Give the data again exactly as written, skipping any pictures.
────────────────────
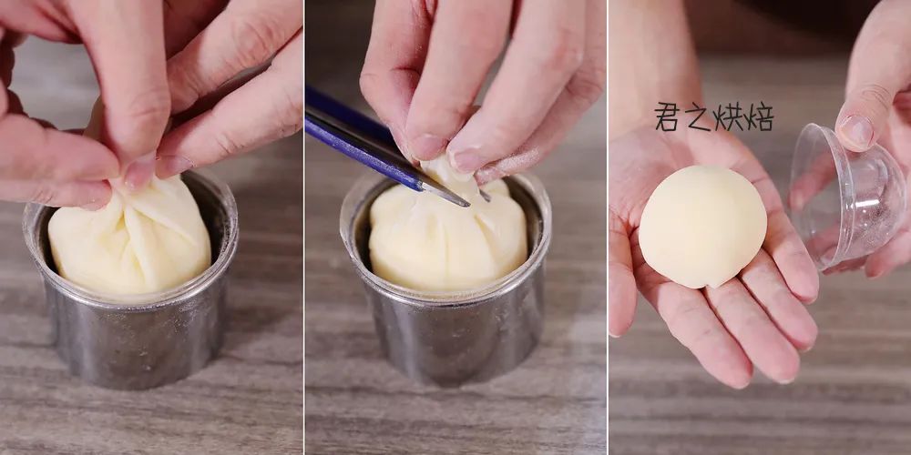 包好的雪媚娘,收口朝下从蛋黄酥盖子里扣出来,一个圆滚滚胖嘟嘟的雪媚娘就做好了。
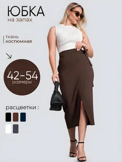Юбка на запах миди с разрезом офисная
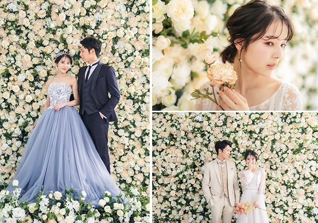 頭から足元まで一面お花に囲まれているからこそ、おふたりはもちろん、ご新婦様のソロショット、立ちポーズ、座ったポーズといったどのようなポーズでも、ロマンチックかつ華やかに演出します。
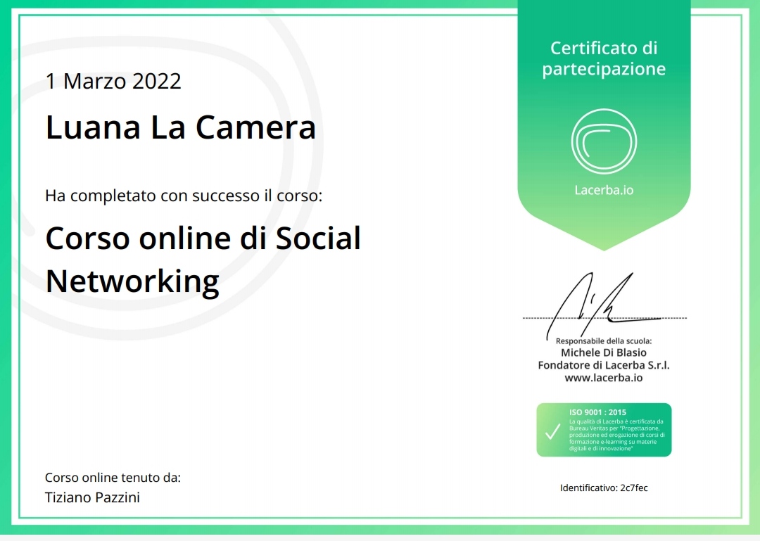 Certificato Social Networking Lacerba Laurea Magistrale in Scienze Politiche Target Discovery
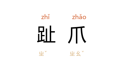 引明 李诩 《戒庵老人漫笔·十二生肖》:“十二生肖之义,尝闻人述 浙江 参政 左公赞 之言,谓以足上趾爪奇耦辨辰数之奇耦。”鲁迅 《朝花夕拾·<狗·猫·鼠>》:“忽然,桂树上沙沙地有趾爪的爬搔声,一对闪闪的眼睛在暗中随声而下。”
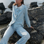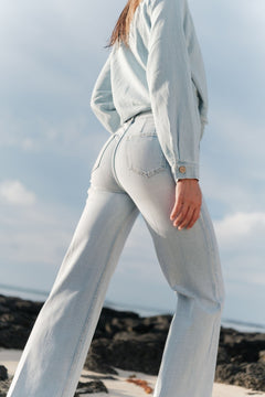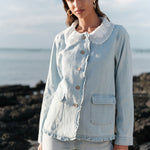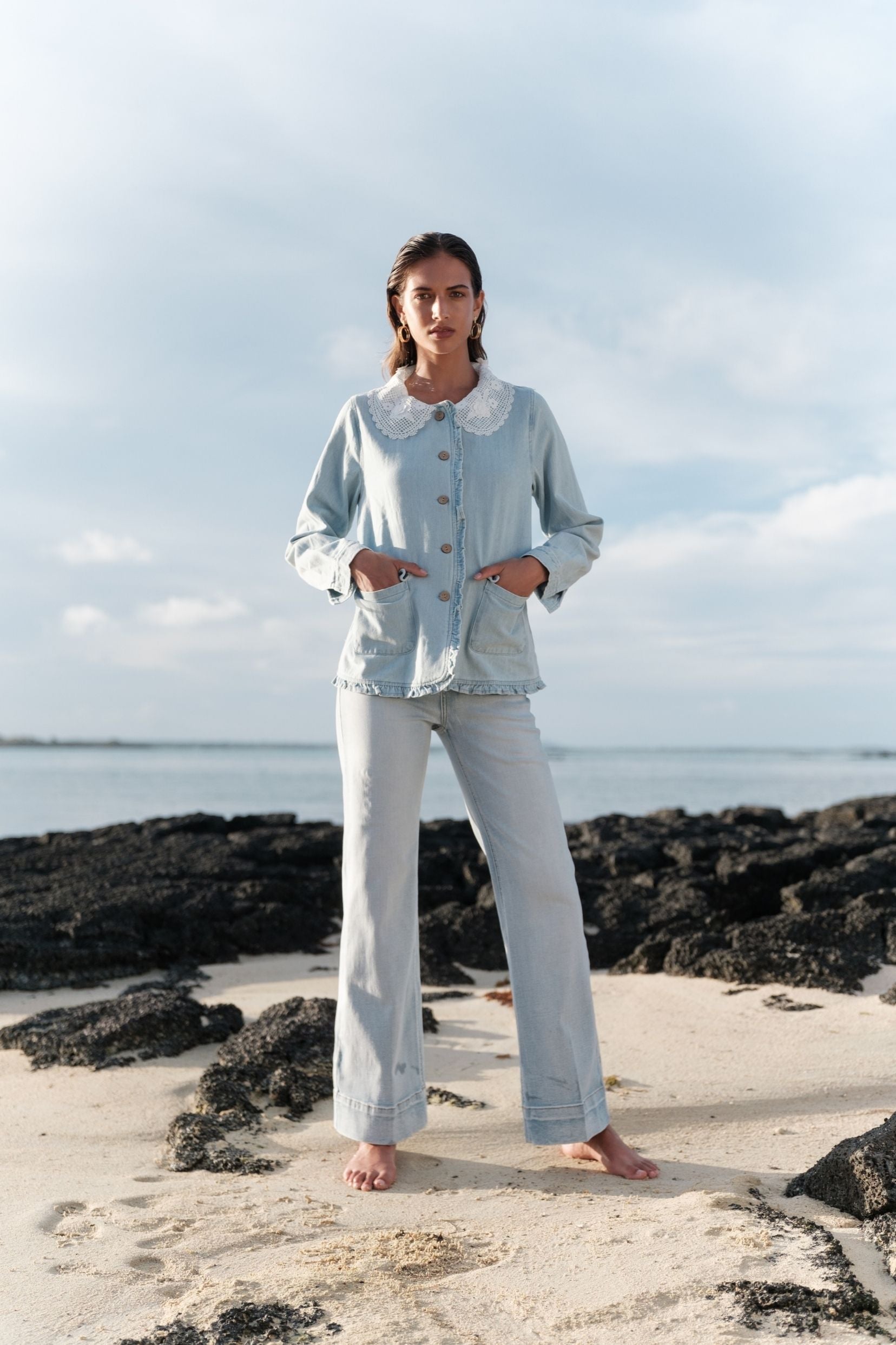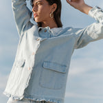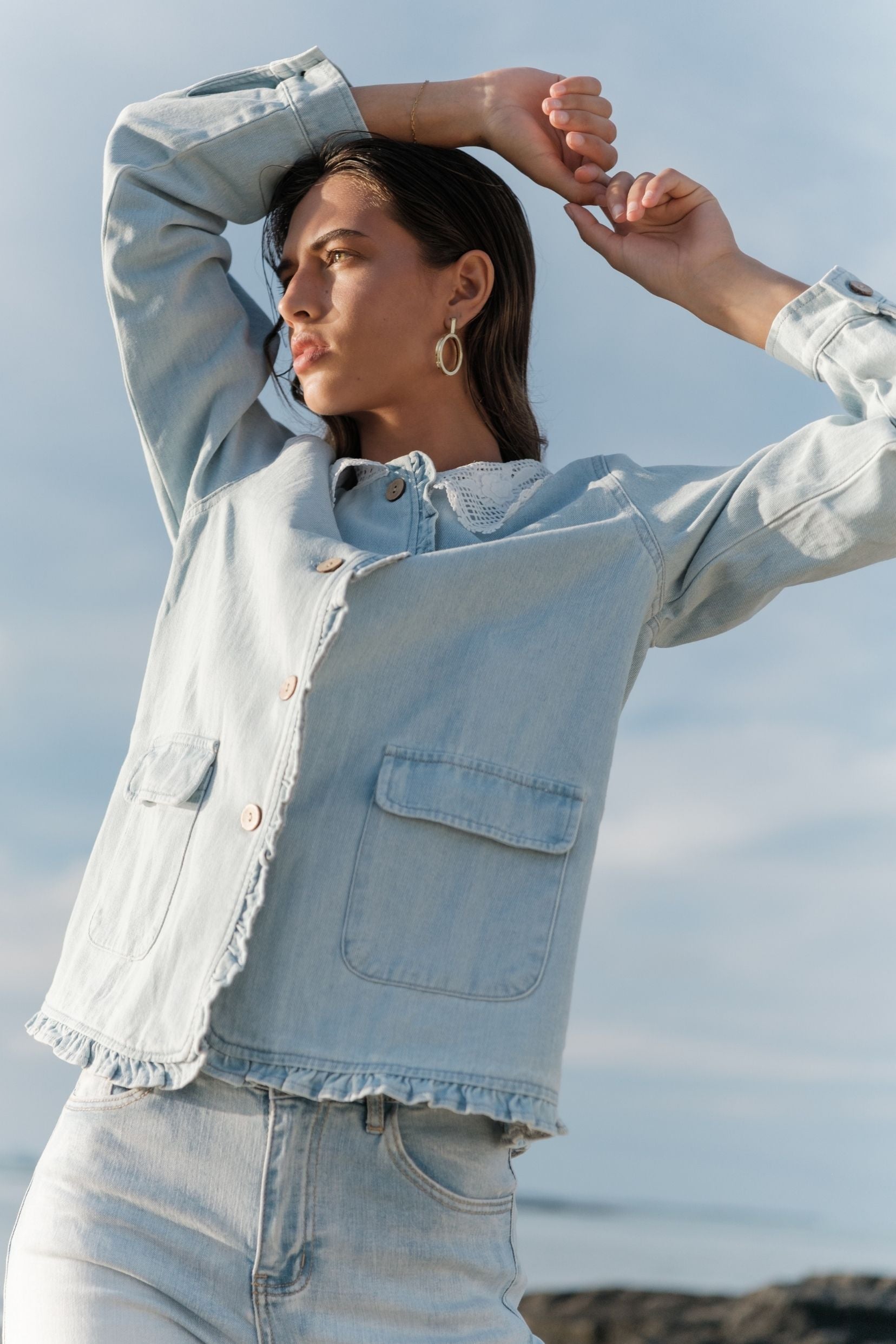 Coupe : Veste en denim clair à la coupe droite et confortable, légèrement ample, pensée pour être portée facilement au quotidien.
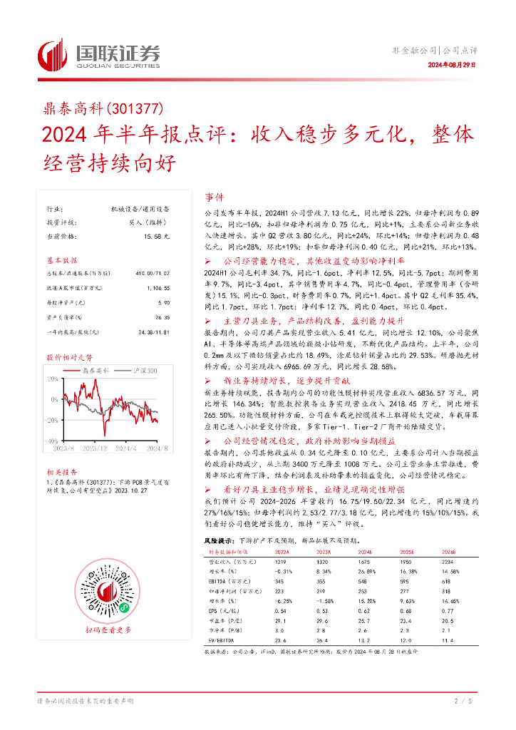国联证券:鼎泰高科(301377)-2024年半年报点评:收入稳步多元化,整体经营持续向好.pdf
────────────────────
Answer space:
 包好的雪媚娘,收口朝下从蛋黄酥盖子里扣出来,一个圆滚滚胖嘟嘟的雪媚娘就做好了。
Юбка на запах миди с разрезом офисная
 頭から足元まで一面お花に囲まれているからこそ、おふたりはもちろん、ご新婦様のソロショット、立ちポーズ、座ったポーズといったどのようなポーズでも、ロマンチックかつ華やかに演出します。
 Certificato Social Networking Lacerba Laurea Magistrale in Scienze Politiche Target Discovery
 引明 李诩 《戒庵老人漫笔·十二生肖》:“十二生肖之义,尝闻人述 浙江 参政 左公赞 之言,谓以足上趾爪奇耦辨辰数之奇耦。”鲁迅 《朝花夕拾·<狗·猫·鼠>》:“忽然,桂树上沙沙地有趾爪的爬搔声,一对闪闪的眼睛在暗中随声而下。”
 Coupe : Veste en denim clair à la coupe droite et confortable, légèrement ample, pensée pour être portée facilement au quotidien.
国联证券:鼎泰高科(301377)-2024年半年报点评:收入稳步多元化,整体经营持续向好.pdf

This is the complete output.